Nitrochimie Billy-Berclau(62) : Des usines qui font du profit et qui tuent04/04/20032003Journal/medias/journalnumero/images/2003/04/une1809.jpg.445x577_q85_box-0%2C104%2C1383%2C1896_crop_detail.jpg

Dans les entreprises

Nitrochimie Billy-Berclau(62) : Des usines qui font du profit et qui tuent

Jeudi 27 mars vers 6h15, l'atelier 50 de l'usine Nitrochimie à Billy-Berclau, une petite commune du Pas-de-Calais aux environs de Lens, était entièrement détruit par une terrible explosion tuant sur le coup quatre salariés.

La déflagration a été entendue et ressentie à plus de 10km alentour, cassant des vitres et vitrines jusqu'à plusieurs kilomètres, soufflant des portes et toitures et jetant l'émoi et l'inquiétude dans la population locale parmi laquelle, rapidement, a circulé la nouvelle d'une explosion de la "Poudrière".

L'accident a eu lieu dans un atelier mécanisé (avant, toutes les manipulations se faisaient à la main) fabriquant les bâtons de dynamite à partir de carton et de pâte explosive. La pâte, elle-même malaxée dans l'entreprise, était découpée et ensuite encartouchée. C'est pendant la phase de démarrage et de réglage de la machine que l'explosion a eu lieu.

L'atelier était sous surveillance vidéo et la cassette a été saisie pour l'enquête; mais connaîtra-t-on un jour les vraies causes? Certains travailleurs évoquaient la possible existence d'un corps étranger dans la pâte, ou encore la possible surchauffe d'une pièce de la machine suite au durcissement de cette pâte qui reste stockée après le travail de l'équipe précédente.

En attendant, les salariés ont été mis au chômage.

Il y a quelques mois, au cours d'une réunion officielle invitant des représentants des usines classées Seveso, un dirigeant de Nitrochimie avait expliqué que, les ateliers étant séparés les uns des autres par un périmètre de sécurité, renforcé par la présence de murs bétonnés et de monts de schistes de plus de 5 mètres, une éventuelle explosion resterait localisée à un seul atelier, limitant les dégâts pour les populations voisines à quelques vitres et dommages légers. Seuls pouvaient donc être touchés les salariés de cet atelier qui n'avaient, bien entendu, pratiquement aucune chance de survivre. Cette prévision s'est révélée exacte, cyniquement exacte aussi pour les quatre salariés qui y ont laissé la vie.

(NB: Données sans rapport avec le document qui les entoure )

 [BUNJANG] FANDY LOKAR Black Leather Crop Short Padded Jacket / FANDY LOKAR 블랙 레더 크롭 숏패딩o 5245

Il y a quelques dizaines d'années, quand il n'y avait pas trop de chômage, et pour attirer des travailleurs dans cette usine dangereuse, les salaires étaient plus élevés qu'ailleurs. Depuis longtemps, cela n'est même plus vrai. Le nombre de salariés a d'ailleurs fondu, passant en vingt ans d'environ 250 personnes à 87 aujourd'hui.

Il y a en plus en permanence des intérimaires, une quinzaine en ce moment, alors que dans ce genre d'environnement extrêmement dangereux, le travail précaire devrait à plus forte raison être interdit.

Cette société, de la taille d'une PME, qui produit 6000 tonnes de dynamite et 7000 tonnes de nitrate de fioul par an, n'est pas une petite société de province. Elle appartient à des groupes internationaux: pour 35%, à Davey Bickford Smith & Cie, vieille société britannique ayant participé à la réalisation du canal de Panama, et pour 65% à la Société d'Explosifs et de Produits Chimiques SA (SEP) qui est cotée en Bourse et qui est elle-même détenue majoritairement par la famille Barbier, à l'origine de la construction de Nitrochimie. SEP a vu son chiffre d'affaires passer de 125 à 188 millions de francs entre 1998 et 2000, multipliant par quatre ses profits pour atteindre il y a deux ans presque 11 millions de francs.

Alors, même si la direction de l'usine déclare que la sécurité y était respectée (malgré les récentes déclarations de la Drire qui dit avoir effectué quelques mises en demeure ces dernières années pour non-respect de la réglementation), les investissements pour la sécurité étaient de toute façon bien en deçà des bénéfices récoltés. Et, classement Seveso ou pas, la rentabilité et les profits passent loin devant la vie des travailleurs.